Pictures appear among the records below and must be omitted. Repeat exactly the lines from the line with "Инструмент для нарезки" to the line with "Sono in corso", both included.

__LISTED ENTRIES__:
**********

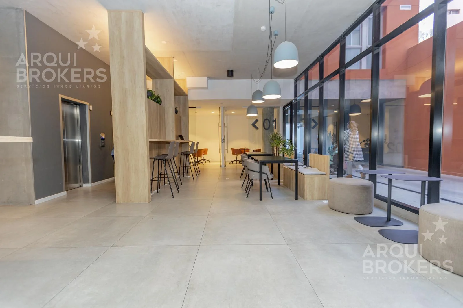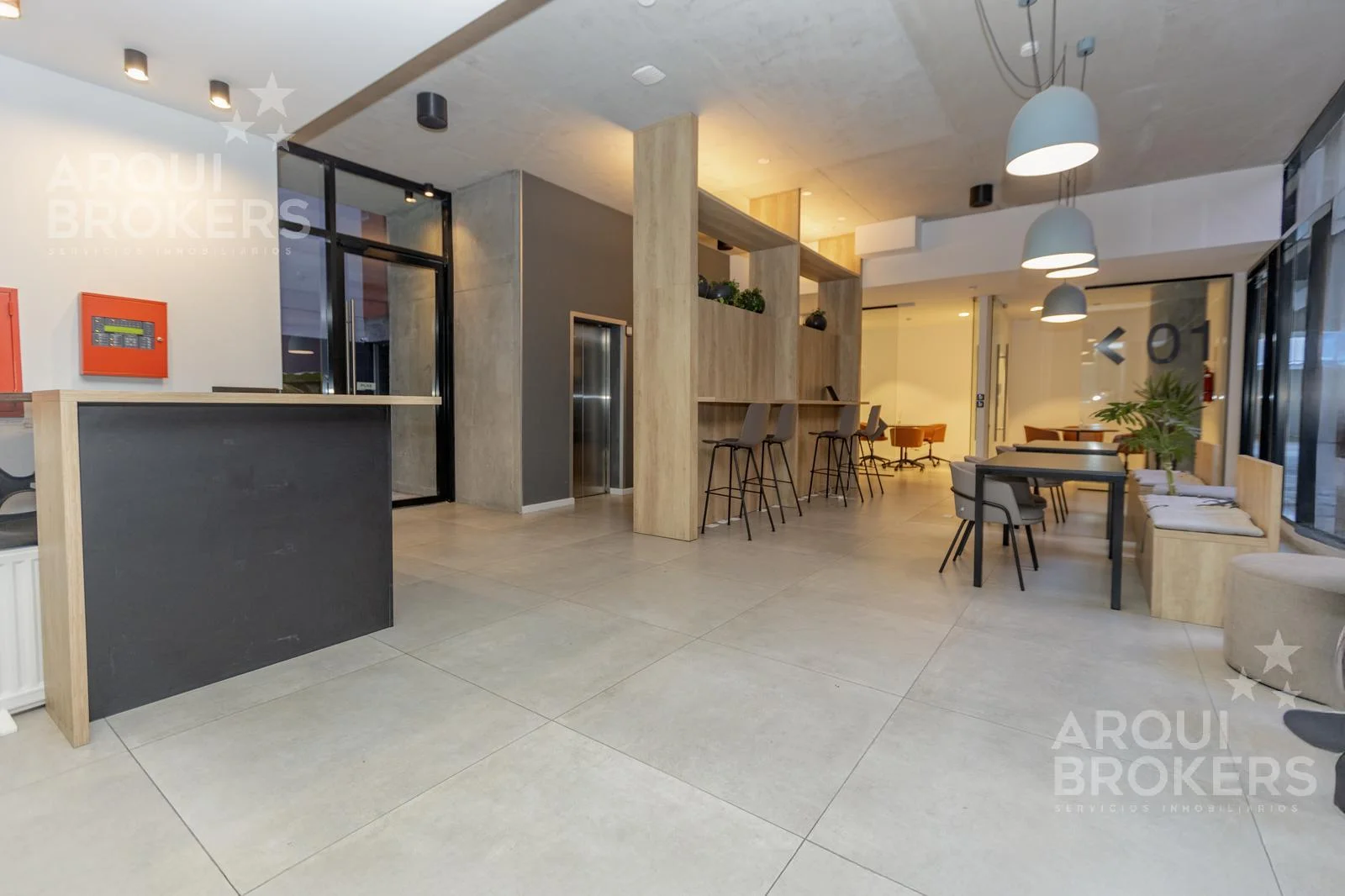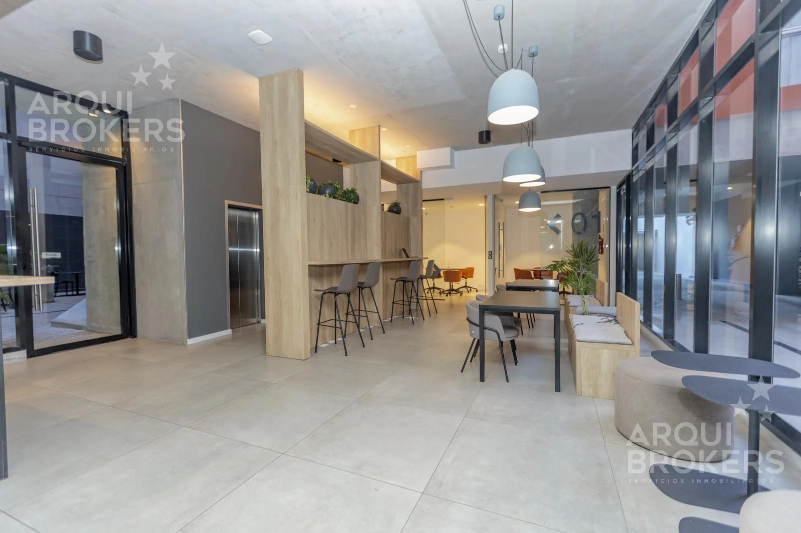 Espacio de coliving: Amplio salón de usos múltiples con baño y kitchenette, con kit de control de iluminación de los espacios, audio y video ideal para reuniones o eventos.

**********

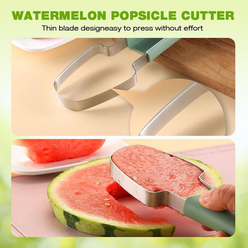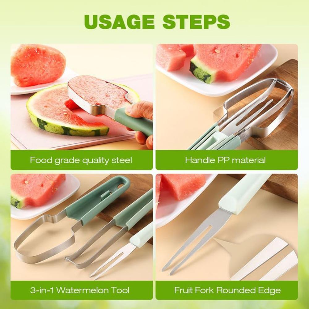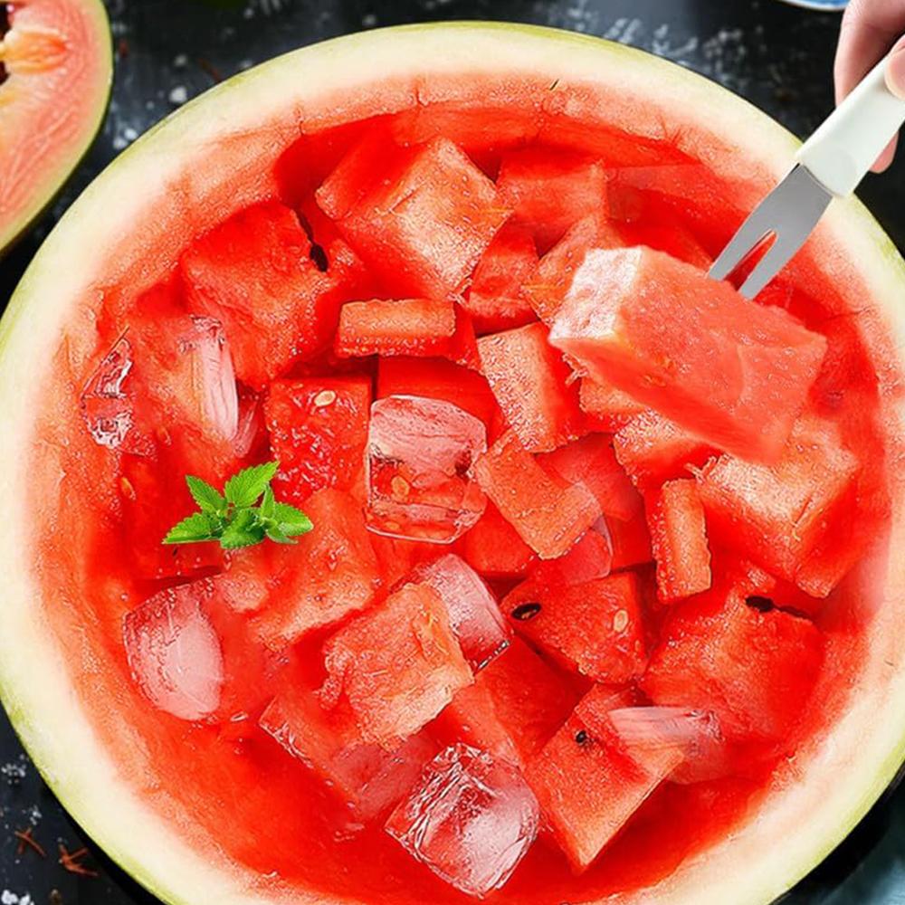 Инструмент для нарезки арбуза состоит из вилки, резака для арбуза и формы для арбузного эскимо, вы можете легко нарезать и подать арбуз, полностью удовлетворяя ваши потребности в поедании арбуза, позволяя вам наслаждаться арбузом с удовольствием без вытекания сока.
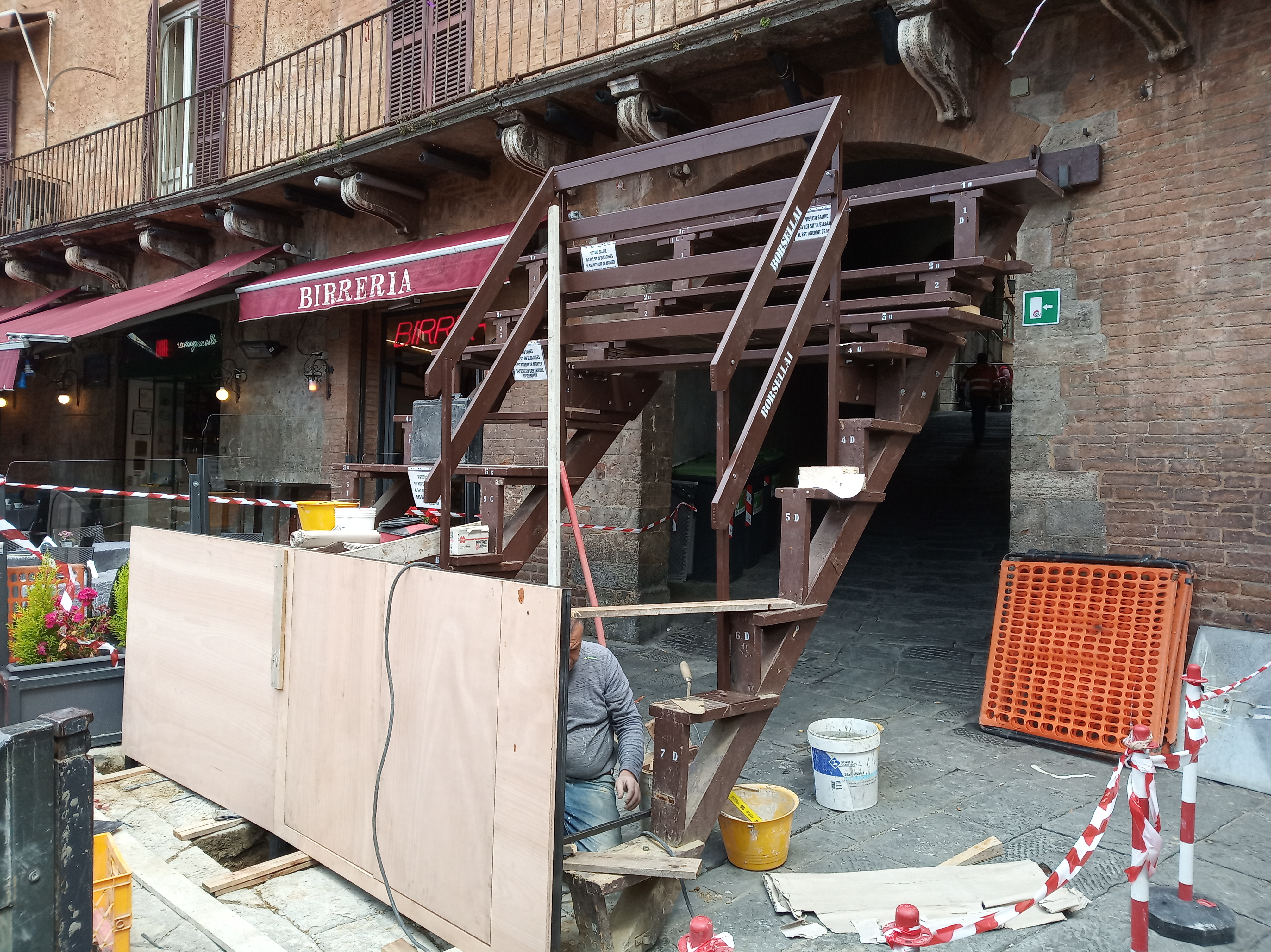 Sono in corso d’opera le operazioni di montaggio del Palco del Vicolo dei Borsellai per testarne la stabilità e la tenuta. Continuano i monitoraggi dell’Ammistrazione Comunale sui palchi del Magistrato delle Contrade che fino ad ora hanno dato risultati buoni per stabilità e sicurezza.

**********

__REPLY TO THE TASK__:
 Инструмент для нарезки арбуза состоит из вилки, резака для арбуза и формы для арбузного эскимо, вы можете легко нарезать и подать арбуз, полностью удовлетворяя ваши потребности в поедании арбуза, позволяя вам наслаждаться арбузом с удовольствием без вытекания сока.
 Sono in corso d’opera le operazioni di montaggio del Palco del Vicolo dei Borsellai per testarne la stabilità e la tenuta. Continuano i monitoraggi dell’Ammistrazione Comunale sui palchi del Magistrato delle Contrade che fino ad ora hanno dato risultati buoni per stabilità e sicurezza.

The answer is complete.